- About this exercise
What is needed is an exact copy of the entries below, with every picture left out.

Excerpts from a dataset

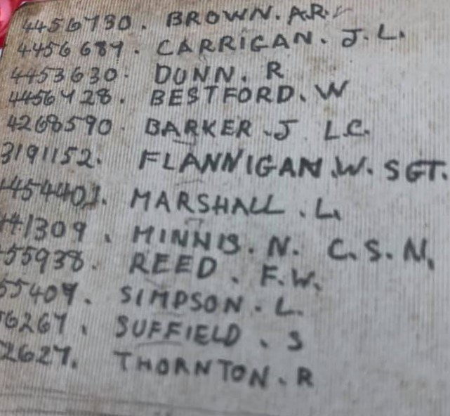 There is also a list of 12 soldiers in George’s diary. All are DLI men and top of the list is Private A.R. Brown. This was Ray Brown, from Evenwood, who was killed in action. In fact, all 12 were killed in action. POWs must have learnt the fate of their comrades and George duly recorded the names. George Walton possibly held some position in Camp administration for him to hold this type of information.
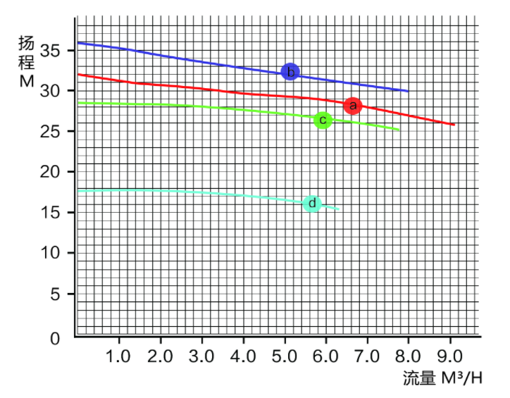 型號(hào) | 曲線 | 進(jìn)口口徑 | 出口口徑 | Motor電機(jī) | 標(biāo)準(zhǔn)流量 | 標(biāo)準(zhǔn)揚(yáng)程 | 重量 | ||
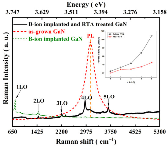 - Sun, W.H.; Chua, S.J.; Wang, L.S.; Zhang, X.H. Outgoing multiphonon resonant Raman scattering and luminescence in Be-and C-implanted GaN. J. Appl. Phys. 2002, 91, 4917–4921. [Google Scholar] [CrossRef]
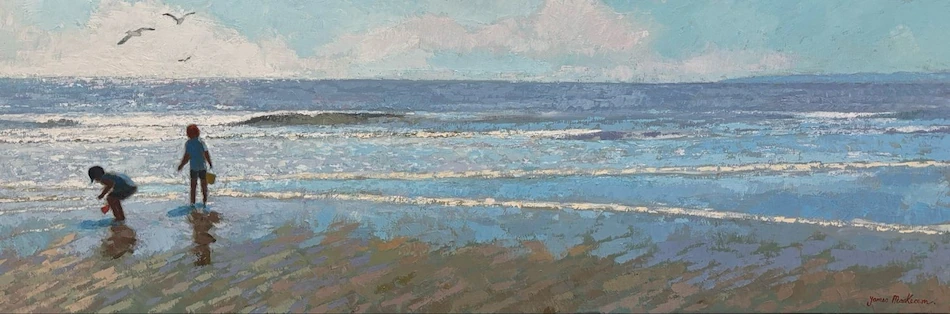 Magie de l’eau et des oiseaux, découverte de coquillages nacrés, l’émerveillement et les rires lorsque les vagues recouvrent les pieds des enfants.
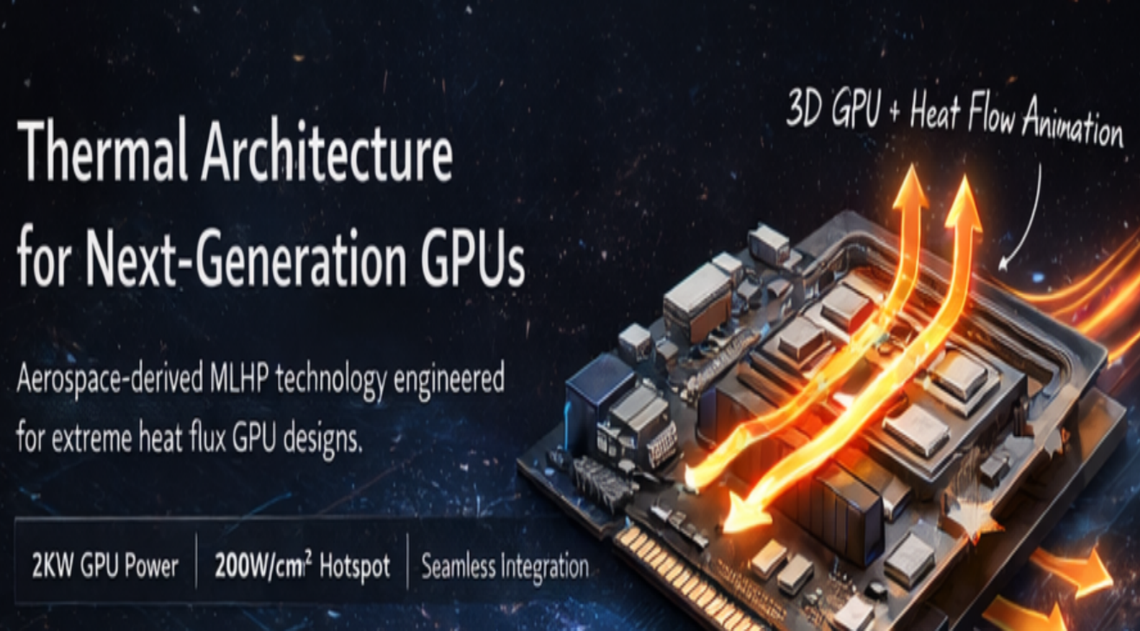 Derived from aerospace thermal control technology, our MLHP solution is engineered for extreme heat flux environments and scalable power densities, making it well suited for future GPU and AI accelerator platforms.
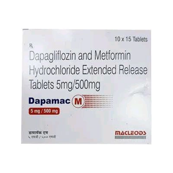 Dapamac-M 5/500mg Tablet is used to treat type 2 diabetes mellitus. It contains Metformin and Dapagliflozin which work by eliminating excess sugars from the body through urine and restoring the body’s response to insulin. In some cases, this medicine may cause side effects such as nausea, vomiting, diarrhoea, headache, and dizziness. Before taking this medicine, inform the doctor if you are pregnant or breastfeeding, taking any other medication, or have any pre-existing medical conditions.
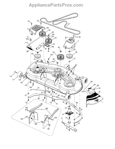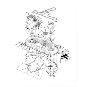 This no grease mandrel assembly is the part that houses the shaft where the mower blade attaches. It is mounted to the deck of the mower by three bolts, which are sold separately. The mounting holes on the mandrel housing are not threaded, but the bolts used to secure the mandrel to the deck are self-tapping. If the lawnmower is no longer providing an even cut, there may be a problem with the mandrel assembly. A broken or damaged mandrel assembly can severely reduce the mower's cutting performance. Replace it as soon as possible. The mandrel shaft goes through the deck, and the pulleys are attached to them, then the belt that drives the mandrels is placed in the pulleys. A spacer must be installed under the pulley. Failing to use a spacer or installing it on top of the pulley will result in damage to the shaft and pulley. This mandrel assembly is compatible with Ariens, Craftsman, Husqvarna, Poulan, and Weed Eater lawn mower models. It is an OEM part sourced directly from the manufacturer and is sold individually. The mandrel assembly includes a housing, shaft assembly, bearing, and nut only; the pulley/washer and blade bolt/washers are not included.

- Exercise response
 There is also a list of 12 soldiers in George’s diary. All are DLI men and top of the list is Private A.R. Brown. This was Ray Brown, from Evenwood, who was killed in action. In fact, all 12 were killed in action. POWs must have learnt the fate of their comrades and George duly recorded the names. George Walton possibly held some position in Camp administration for him to hold this type of information.
 型號(hào) | 曲線 | 進(jìn)口口徑 | 出口口徑 | Motor電機(jī) | 標(biāo)準(zhǔn)流量 | 標(biāo)準(zhǔn)揚(yáng)程 | 重量 | ||
 - Sun, W.H.; Chua, S.J.; Wang, L.S.; Zhang, X.H. Outgoing multiphonon resonant Raman scattering and luminescence in Be-and C-implanted GaN. J. Appl. Phys. 2002, 91, 4917–4921. [Google Scholar] [CrossRef]
 Magie de l’eau et des oiseaux, découverte de coquillages nacrés, l’émerveillement et les rires lorsque les vagues recouvrent les pieds des enfants.
 Derived from aerospace thermal control technology, our MLHP solution is engineered for extreme heat flux environments and scalable power densities, making it well suited for future GPU and AI accelerator platforms.
 Dapamac-M 5/500mg Tablet is used to treat type 2 diabetes mellitus. It contains Metformin and Dapagliflozin which work by eliminating excess sugars from the body through urine and restoring the body’s response to insulin. In some cases, this medicine may cause side effects such as nausea, vomiting, diarrhoea, headache, and dizziness. Before taking this medicine, inform the doctor if you are pregnant or breastfeeding, taking any other medication, or have any pre-existing medical conditions.
 This no grease mandrel assembly is the part that houses the shaft where the mower blade attaches. It is mounted to the deck of the mower by three bolts, which are sold separately. The mounting holes on the mandrel housing are not threaded, but the bolts used to secure the mandrel to the deck are self-tapping. If the lawnmower is no longer providing an even cut, there may be a problem with the mandrel assembly. A broken or damaged mandrel assembly can severely reduce the mower's cutting performance. Replace it as soon as possible. The mandrel shaft goes through the deck, and the pulleys are attached to them, then the belt that drives the mandrels is placed in the pulleys. A spacer must be installed under the pulley. Failing to use a spacer or installing it on top of the pulley will result in damage to the shaft and pulley. This mandrel assembly is compatible with Ariens, Craftsman, Husqvarna, Poulan, and Weed Eater lawn mower models. It is an OEM part sourced directly from the manufacturer and is sold individually. The mandrel assembly includes a housing, shaft assembly, bearing, and nut only; the pulley/washer and blade bolt/washers are not included.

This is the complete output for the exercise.